### COLLECTED MATERIAL
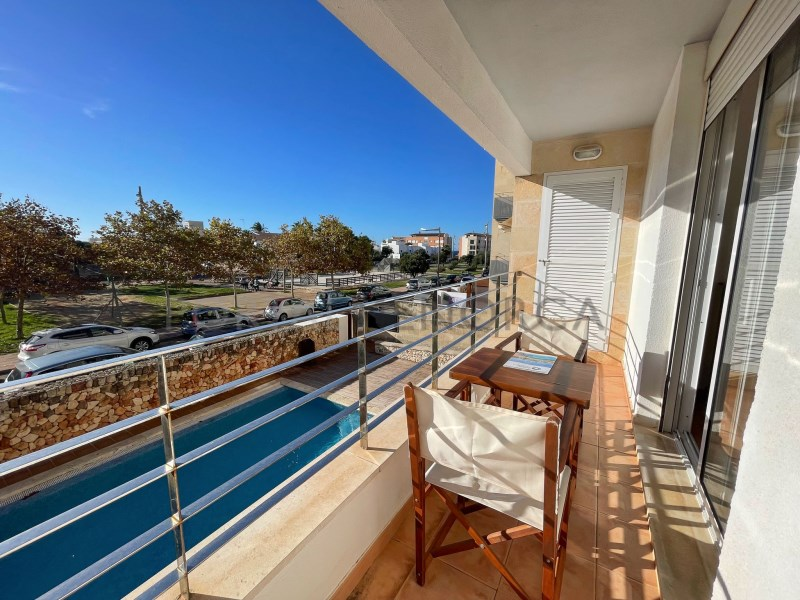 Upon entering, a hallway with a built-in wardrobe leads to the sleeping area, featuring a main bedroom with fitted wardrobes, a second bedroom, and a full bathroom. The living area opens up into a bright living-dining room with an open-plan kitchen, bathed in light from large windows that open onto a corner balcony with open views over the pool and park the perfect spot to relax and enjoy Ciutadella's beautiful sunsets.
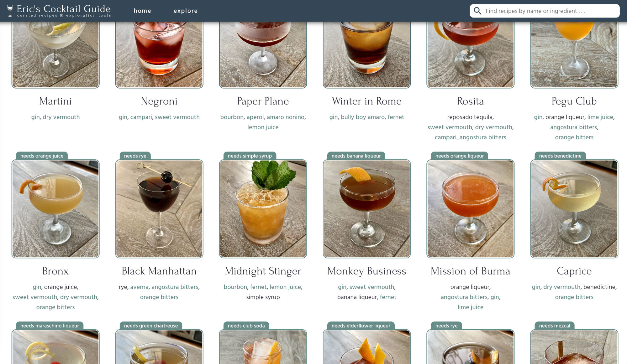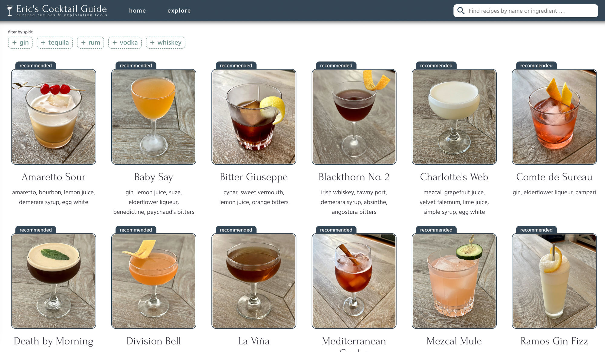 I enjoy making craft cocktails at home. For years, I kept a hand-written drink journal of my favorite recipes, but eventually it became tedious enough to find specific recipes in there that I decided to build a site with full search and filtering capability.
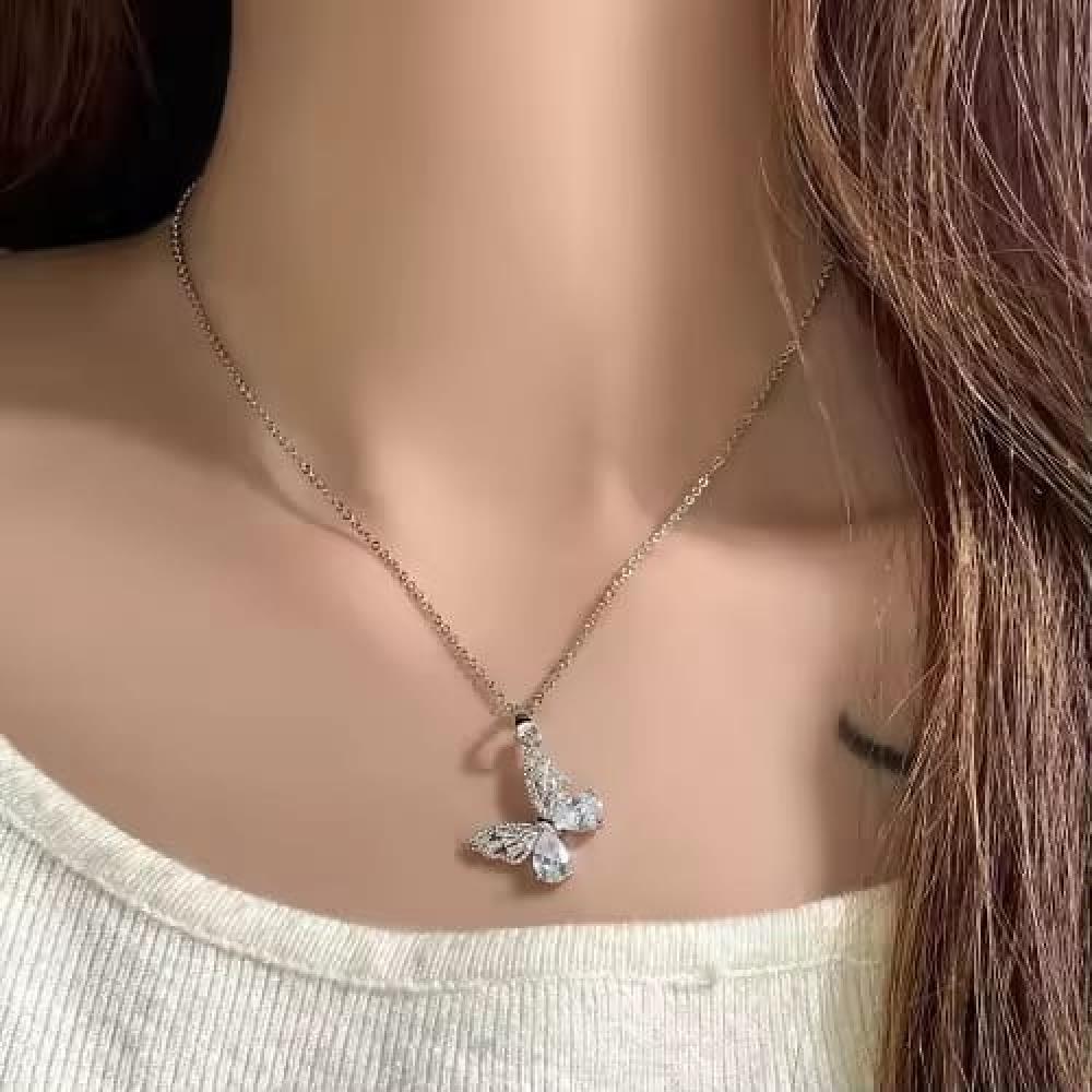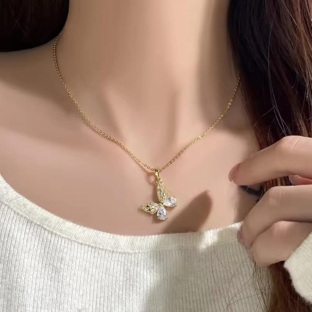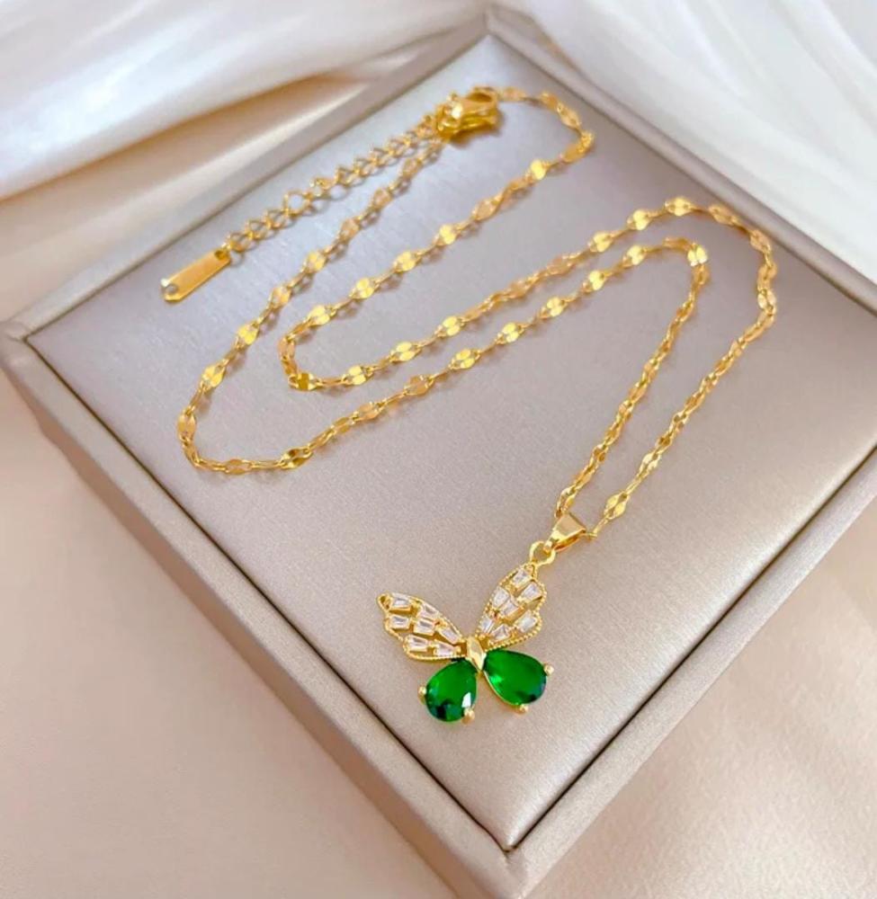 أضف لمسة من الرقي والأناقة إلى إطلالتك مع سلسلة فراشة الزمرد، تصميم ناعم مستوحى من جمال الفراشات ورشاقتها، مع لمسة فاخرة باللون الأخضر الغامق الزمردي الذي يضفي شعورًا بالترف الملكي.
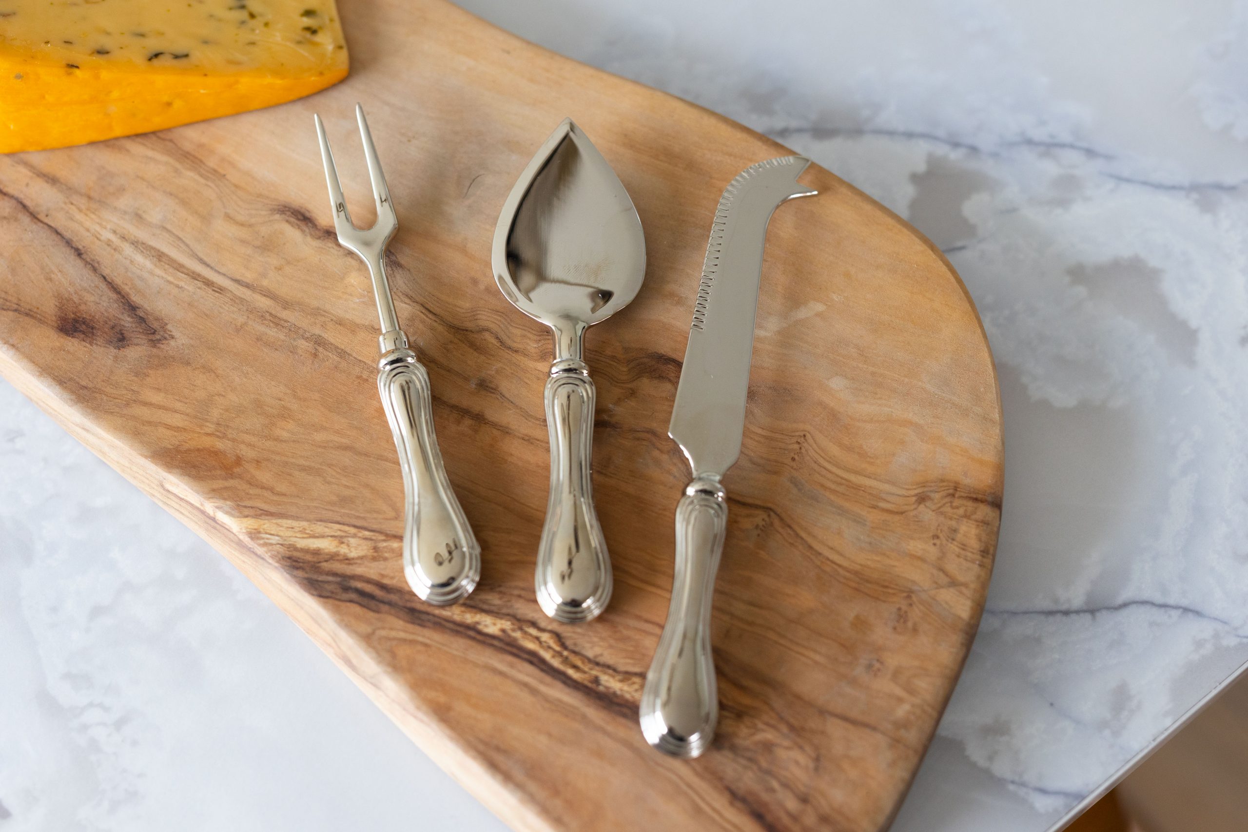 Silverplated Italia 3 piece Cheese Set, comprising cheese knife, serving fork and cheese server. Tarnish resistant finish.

### WHAT THE EXERCISE ASKS
What you write should match, word for word, the lines from the one containing "I enjoy making" to the end of the listing, with both ends kept and the pictures left out.

### TASK OUTPUT
 I enjoy making craft cocktails at home. For years, I kept a hand-written drink journal of my favorite recipes, but eventually it became tedious enough to find specific recipes in there that I decided to build a site with full search and filtering capability.
 أضف لمسة من الرقي والأناقة إلى إطلالتك مع سلسلة فراشة الزمرد، تصميم ناعم مستوحى من جمال الفراشات ورشاقتها، مع لمسة فاخرة باللون الأخضر الغامق الزمردي الذي يضفي شعورًا بالترف الملكي.
 Silverplated Italia 3 piece Cheese Set, comprising cheese knife, serving fork and cheese server. Tarnish resistant finish.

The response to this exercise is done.